By Erika Ettin
Tribune News Service
WWR Article Summary (tl;dr) From boring conversation starters to “too much Texting”, dating expert Erika Ettin shows why that dating app may not be working for you.
Tribune News Service
Many people have said to themselves (or to everyone around them!), “These dating apps just don’t work.”
Have you said that?
When we delve into why the dating apps “don’t work,” it turns out that you may be committing one of the 10 mistakes I’m about to share. They aren’t rules, but rather tried and tested methods that work. Most of these mistakes are surprisingly simple. Let’s see how many you’re guilty of making.
–– Not writing a profile. Writing nothing makes you appear either lazy or like you’re not invested in the process of meeting someone. Neither is an appealing look. Regardless of how attractive you are in your photos, if you haven’t written a single word, then people have no idea what you’re even doing there. It doesn’t take much. I recommend 20 to 40 words on a dating app like Tinder or Bumble. What should you say? What you do for a living, a few fun facts about yourself, some random skills, a favorite food, where you’ve lived –– anything that might set you apart.
–– Too many pictures. Just because a dating site allows you to upload a certain number of photos doesn’t mean you have to. Four or five is the optimal number because people have a tendency to find one photo they don’t like and not swipe right or write to you because of it. Let’s not let that happen.
–– Group shots and pictures with others
Don’t do it. You’ll be compared with your friends. You’ll be dismissed because people don’t want to play Where’s Waldo. People want to see the person who is going to show up on the date. Period. No “social proof” that you have friends is needed. Just make sure they’re not all selfies. Then people wonder.
–– A first photo that doesn’t show what you look like. It’s too far away, it’s the side of your head, you’re with friends, you’re blurry. You’re making it difficult for someone to figure out who you are. People make snap decisions, so don’t make it harder for them.
–– No full-body photo. With no full-body picture, people jump to conclusions. And those conclusions are generally not favorable. Don’t let people fill in the blanks with their own assumptions.
–– No interesting photos. No need to have photos of you at Machu Picchu or running a marathon, but you should still put up a photo of you doing something interesting. This just makes things easier for the person matching with you because it will generate questions. Especially on Bumble where the woman has to write first, I recommend a photo that she can ask a question about. I call that “message bait.” For example, if you do public speaking, add a photo of you at a microphone. People can ask where/why you’re speaking.
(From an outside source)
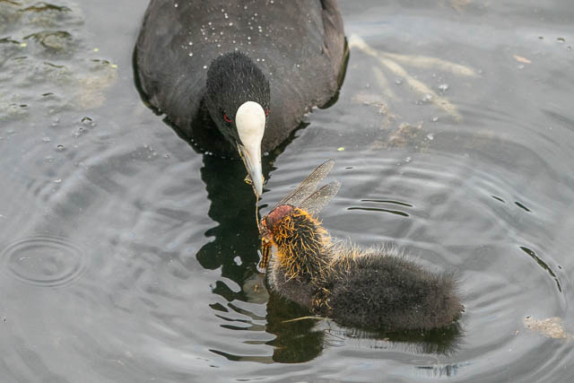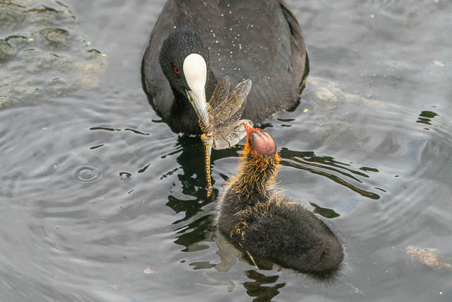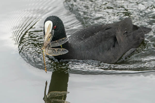 Another Eurasian Coot had just caught a Dragonfly.

–– Boring conversation starters. If the person has given you something in their profile to reference, either that message bait picture, or something interesting written, just ask a question about it. For example, if someone has a picture of him or herself playing soccer, you can ask if they play in a league or if they’re a fan of any particular team. This is much easier than answering “hey, how are you,” 20 times a day. If they’ve really given you nothing to go on, then you have to get creative and think outside the box.
–– No momentum.
When you match with someone, try to arrange a date within a week. People are busy, so don’t lose momentum. Ultimately, the apps are just a tool for meeting people, so get to the “meeting” part sooner rather than later.
–– Too much texting.
I call texting “the death of the first date” for a reason. Often, if you text too much, a date never comes to fruition because of a lack of momentum or someone saying something that may be misconstrued. If you’re texting too much, where’s the urgency to meet? There’s no substitute for meeting in person to see if there’s chemistry.
–– Keeping a backlog of matches you haven’t talked to.
Some people see collecting matches on dating apps as some kind of game. But really, there’s no point in having matches you never speak to. They just take up space.
If you match with someone and then think they’re not for you, you should simply un-match them. I’m a fan of a clean inbox in general, and in life. Same thing with the dating apps. If you have too many matches in there, it means you may open the app, see all this stuff you don’t want to reply to, and close it. So try to keep it only to people you’re actively communicating with.
(Erika Ettin is the founder of A Little Nudge, where she helps others navigate the often intimidating world of online dating.)